_Exercise instructions:_
The lines in the listing below are to be given again exactly, starting at the line holding "2015 yılında küresel" and ending at the line holding "beauty products commercial.". Do not include pictures.

─── Supplied material ───

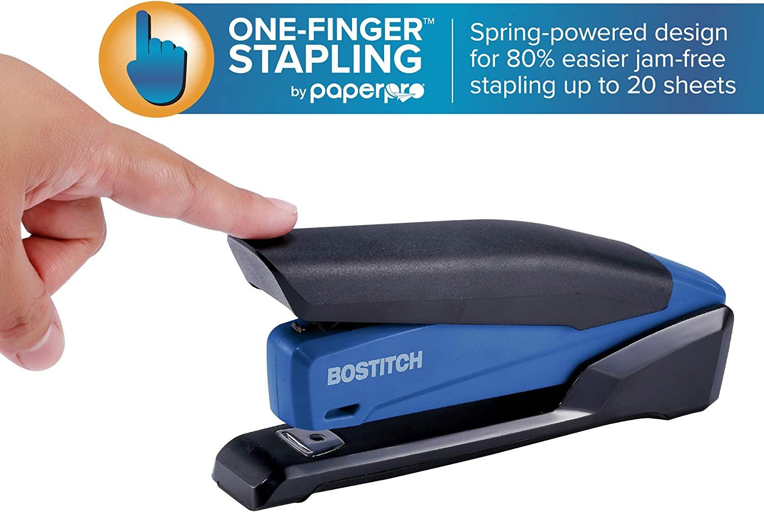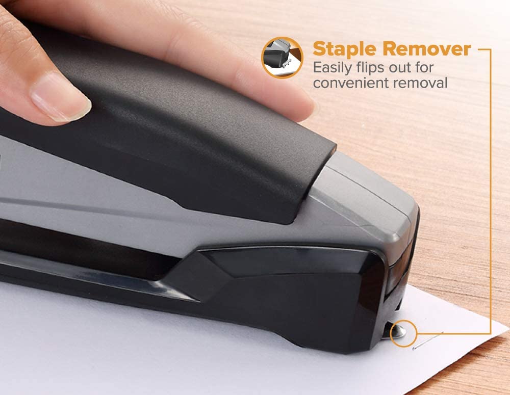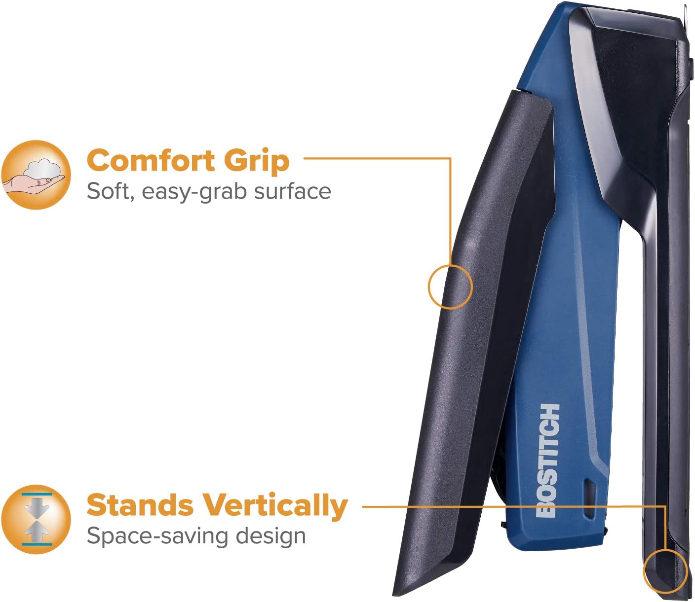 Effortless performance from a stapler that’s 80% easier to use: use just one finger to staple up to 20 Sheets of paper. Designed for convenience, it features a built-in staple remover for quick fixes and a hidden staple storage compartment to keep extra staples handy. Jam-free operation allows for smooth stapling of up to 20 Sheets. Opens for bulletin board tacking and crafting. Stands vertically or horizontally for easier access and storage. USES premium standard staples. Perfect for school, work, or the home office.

───
─── Supplied material ───

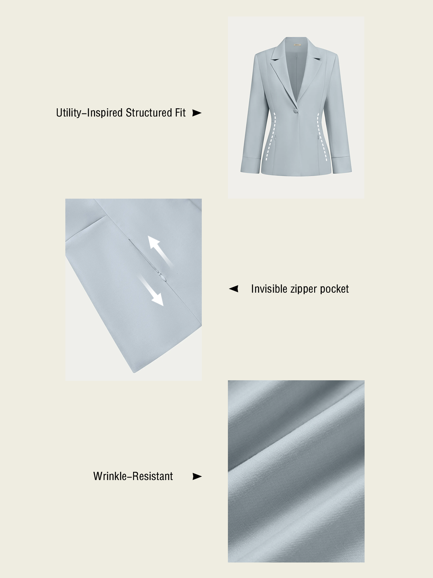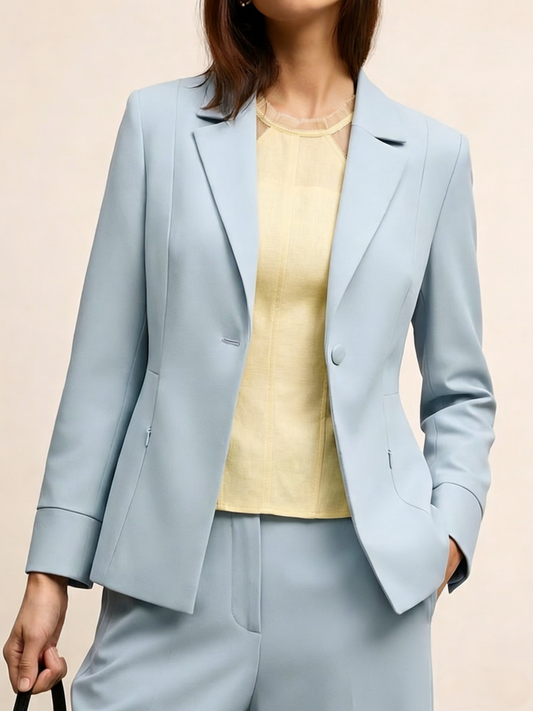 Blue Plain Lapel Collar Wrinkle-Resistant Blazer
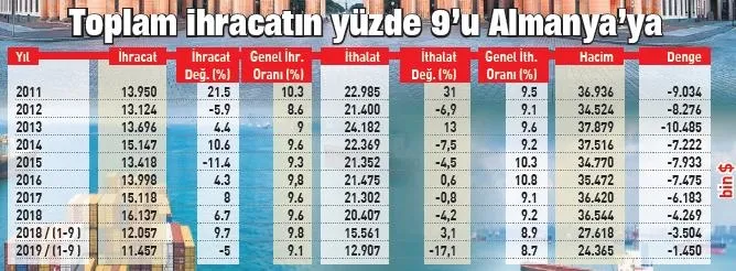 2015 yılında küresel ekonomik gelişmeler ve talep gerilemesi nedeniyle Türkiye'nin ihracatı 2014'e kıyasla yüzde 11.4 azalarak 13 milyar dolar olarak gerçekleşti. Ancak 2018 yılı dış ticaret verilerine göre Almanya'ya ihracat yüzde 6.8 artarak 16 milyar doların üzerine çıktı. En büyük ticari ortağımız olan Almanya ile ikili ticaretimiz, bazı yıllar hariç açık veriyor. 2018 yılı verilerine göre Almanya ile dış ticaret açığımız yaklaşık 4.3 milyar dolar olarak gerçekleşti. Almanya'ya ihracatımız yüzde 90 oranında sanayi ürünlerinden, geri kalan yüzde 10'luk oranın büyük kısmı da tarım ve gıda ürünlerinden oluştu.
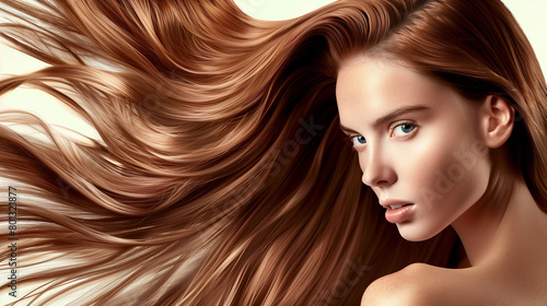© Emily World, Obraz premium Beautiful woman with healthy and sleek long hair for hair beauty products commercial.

───

_Solution:_
 2015 yılında küresel ekonomik gelişmeler ve talep gerilemesi nedeniyle Türkiye'nin ihracatı 2014'e kıyasla yüzde 11.4 azalarak 13 milyar dolar olarak gerçekleşti. Ancak 2018 yılı dış ticaret verilerine göre Almanya'ya ihracat yüzde 6.8 artarak 16 milyar doların üzerine çıktı. En büyük ticari ortağımız olan Almanya ile ikili ticaretimiz, bazı yıllar hariç açık veriyor. 2018 yılı verilerine göre Almanya ile dış ticaret açığımız yaklaşık 4.3 milyar dolar olarak gerçekleşti. Almanya'ya ihracatımız yüzde 90 oranında sanayi ürünlerinden, geri kalan yüzde 10'luk oranın büyük kısmı da tarım ve gıda ürünlerinden oluştu.
© Emily World, Obraz premium Beautiful woman with healthy and sleek long hair for hair beauty products commercial.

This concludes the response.